То есть по ушам получить он боялся конкретно от меня. То есть за вред, который он причинил, он знал, что я с ним рассчитаюсь.
Я поднял левую руку, призывая всех, кто стоял за моей спиной, сохранять молчание. А затем, не отводя взгляда от испуганных глаз королевского обер-камергера, сделал пару шагов навстречу, не сказав при этом ни слова.
Это стало последней каплей. Остатки мужества испарились: Муадан рухнул на грязный каменный пол, а из глаз брызнули слёзы.
- Простите меня. Простите… Прости, аниран.
- Виновен! – металлическим голосом вынес я вердикт.
Но в чём виновен, конечно же, не озвучил. Я ждал явку с повинной.
- Я не хотел! Я не хотел! – рыдал Муадан.
- А теперь говори, что ты натворил, - продолжил ковать я. – И если посланник небес услышит хоть слово неправды, пощады ты не дождёшься. Спасти тебя сейчас может лишь правда.
- Правда? - снизу вверх Муадан посмотрел на меня взглядом полным надежды. – Правда спасти?
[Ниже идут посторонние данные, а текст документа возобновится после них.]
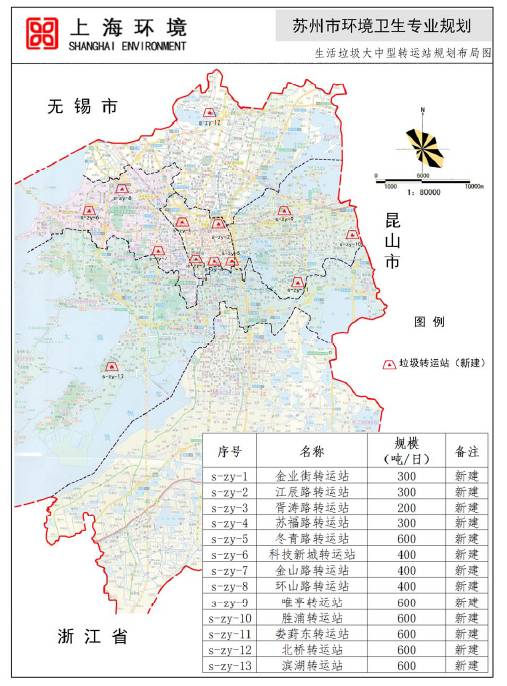 (六)大型轉(zhuǎn)運站設(shè)置規(guī)劃:姑蘇區(qū)規(guī)劃新建5座大中型轉(zhuǎn)運站;高新區(qū)規(guī)劃新建3座大中型轉(zhuǎn)運站;工業(yè)園區(qū)規(guī)劃新建3座大中型轉(zhuǎn)運站;相城區(qū)、吳中區(qū)分別新建1座大中型轉(zhuǎn)運站。

Я промолчал. Но вид принял ещё более грозный.
- Я не хотел. Я слаб. Я поддался на уговоры и блеск золота, - пролепетал он. – Прости, аниран.
- Ещё подробнее, - приказал я. – Чем больше правды, тем выше шанс спастись.
- Мне дали денег. Мне предложили подсобить в нападении на анирана, - торопливо заговорил Муадан, будто боялся не успеть выговориться. – Рауф Бумедьен попросил о встрече однажды. Сказал, аниран относится ко мне недостойно. Презирает меня. И у меня есть шанс расплатиться с ним за пренебрежение…
- Чего-чего? – я даже растерялся на секунду. О чём лопочет этот трусливый пакет с дерьмом?
Муадан подполз ближе и принялся пальцами гладить носки моих башмаков.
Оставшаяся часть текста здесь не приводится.